Waar een paar agenten in een kapsalon twee jongens aanhouden (geweld niet uitgesloten) volgt een ontzettend droge schietpartij met één vliegende stoel door de ruimte. Waar de verdachte er op z’n schaatsen vandoor gaat, zet de ex-agent zijn achtervolging in met moeizaam geren op het ijs, waar hij uiteraard zijn evenwicht doet verliezen. Geen krampachtig denkwerk en geen ratelende rechercheurs die je probeert bij te houden omdat ze van alles speculeren.
‘Denk je dat er in dit leven wat te winnen valt?’ is op een gegeven moment de vraag van een collega-agent. Het uitzichtloze en misschien ook wel het pessimisme wordt hiermee gemarkeerd. Alle mensen lijken zich voort te bewegen zonder drijfveer. In de kille, grijze omgeving leeft men langs elkaar heen en is men eerder vijandig dan solidair. Waar ik het meest moeite mee had was die ‘femme fatale’ die de passiviteit zelve is (en dus eigenlijk niet heel erg ‘fatale’ overkomt). Stoïcijns als ze was moet er flink geperst worden wil er ook maar een druppel uitkomen.

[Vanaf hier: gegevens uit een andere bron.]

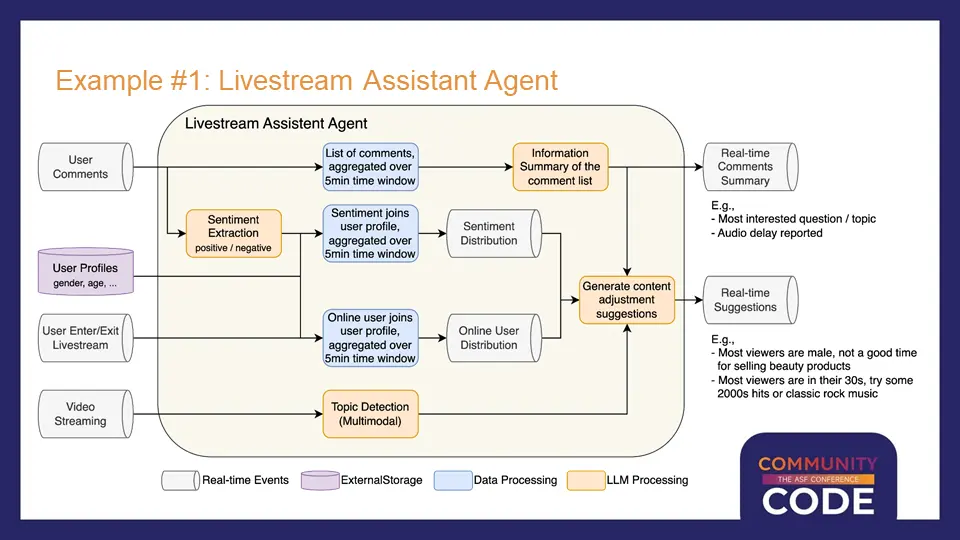 第一個典型應用場景是實時直播分析。在網絡直播或直播帶貨過程中,熱門直播間會產生大量的觀眾評論和彈幕。主播無法實時逐條閲讀和分析所有內容,傳統做法需要配備後台分析團隊和導播來完成這項工作。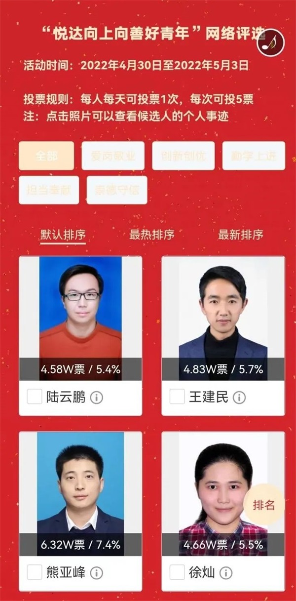 為了凝聚悅達(dá)榜樣力量,4月30日至5月3日,團(tuán)委開展了“悅達(dá)向上向善好青年”網(wǎng)絡(luò)評選活動,尋找“愛崗敬業(yè)好青年”、“創(chuàng)新創(chuàng)優(yōu)好青年”、“勤學(xué)上進(jìn)好青年”、“擔(dān)當(dāng)奉獻(xiàn)好青年”、“崇德守信好青年”代表。經(jīng)過激烈角逐,15名候選青年均獲得了上萬名網(wǎng)友的支持,合計(jì)獲得投票數(shù)84.9萬人次。
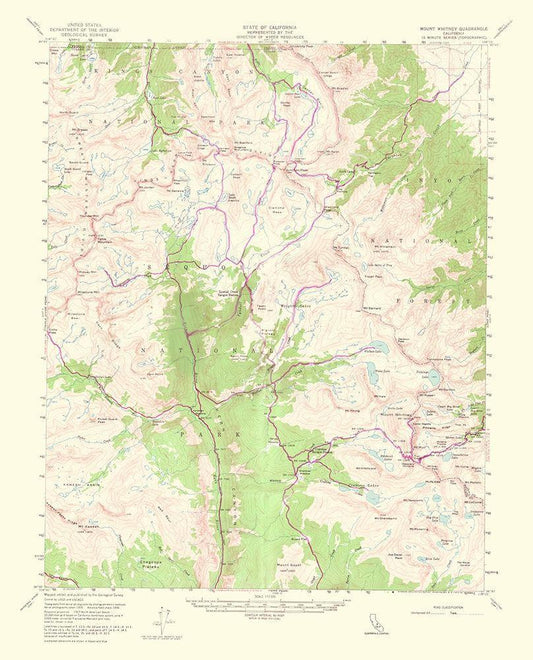 Mt Whitney California Quad - USGS 1964 White Modern Wood Framed Art Print with Double Matting by USGS
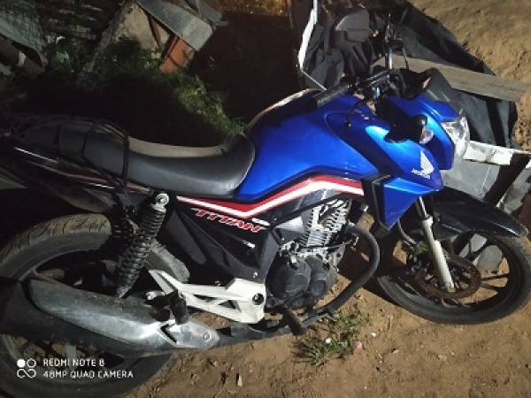Os militares foram acionados para averiguar uma denúncia, indicando a presença de um ciclomotor Honda CG 160 Titan, cor azul, abandonado. No local, a equipe identificou a moto e constatou que ela possuía queixa de roubo.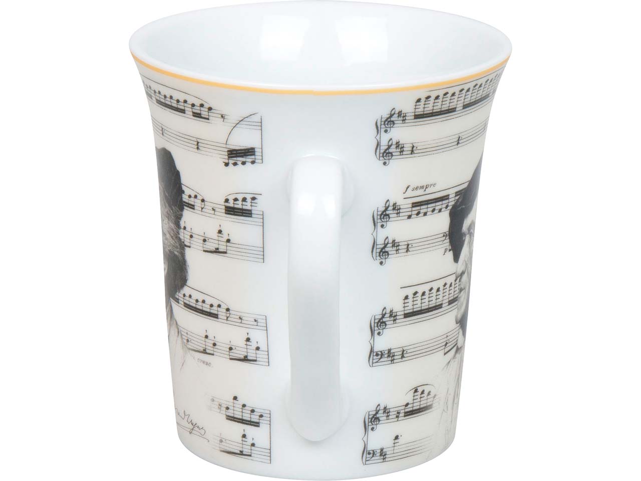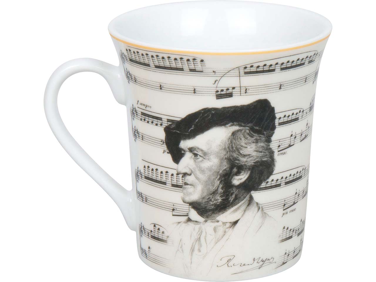 Richard Wagner gehört zu den größten Komponisten der Romantik. Daran erinnert diese in Deutschland hergestellte Tasse aus Porzellan. Das Porträt von Wagner wird von einer Notenpartitur eingerahmt. Das Geschenk für Klassikfans hat einen hübschen Goldrand, der für eine besonders edle Optik sorgt. Die Porzellantasse kann in die Spülmaschine und in die Mikrowelle.
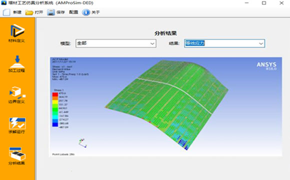 RC-CAE軟件是一套基于 ANSYS 軟件平臺(tái)二次開發(fā)形成的面向金屬增材制造定向能量沉積工藝(DED)的專業(yè)工藝仿真系統(tǒng)。軟件考慮溫度相關(guān)的材料非線性屬性,基于工藝文件的運(yùn)動(dòng)路徑信息,模擬增材工藝的材料堆積過程,可以詳細(xì)模擬零件分區(qū)、打印路徑以及熔融冷卻的相變過程對(duì)增材制造過程的影響,預(yù)測(cè)增材制造過程中的溫度、應(yīng)力和變形,優(yōu)化工藝參數(shù),從而保證打印質(zhì)量和打印效率,避免低效的試錯(cuò)過程。 軟件的功能特色有: 掃描路徑模擬:將打印程序的控制指令信息轉(zhuǎn)換為仿真可以讀取的路徑數(shù)據(jù)表,數(shù)據(jù)表描述掃描路徑的坐標(biāo)位置、掃描速度、激光狀態(tài)以及停留時(shí)間等信息,以用于模擬材料的堆積過程。 瞬態(tài)熱分析:采用單元生死技術(shù), 根據(jù)掃描路徑依次激活成型材料來(lái)模擬增材制造過程中狀態(tài)隨時(shí)間變化的熱傳遞行為。瞬態(tài)熱分析的熱源為激光功率輸入,邊界條件為制件、基板與環(huán)境的對(duì)流換熱以及輻射,并考慮相變過程中產(chǎn)生的潛熱,從而模擬在能量作用下,熔池附近的材料經(jīng)歷反復(fù)的熔融凝固過程對(duì)溫度場(chǎng)的影響。 應(yīng)力分析: 在瞬態(tài)熱分析的基礎(chǔ)上,通過熱應(yīng)力耦合分析來(lái)進(jìn)行變形以及應(yīng)力的分析;考慮溫度相關(guān)的非線性應(yīng)力應(yīng)變關(guān)系,模擬打印過程中材料的非線性彈塑性行為,以準(zhǔn)確描述其應(yīng)力應(yīng)變狀態(tài)。

Dat Black Coal tijden de Berlinale het goud voor de neuzen van Boyhood en The Grand Budapest Hotel weghaalde, is in het eerste opzicht inderdaad raadselachtig. Maar in het tweede opzicht is het bijna logisch dat de rommelige ‘detective’ er met de Gouden Beer vandoor ging. Cineville noemt Black Coal een ‘liefdevolle ode aan de klassieke Hollywood-film noir’, maar tegelijkertijd kleurt het liefdeloos China.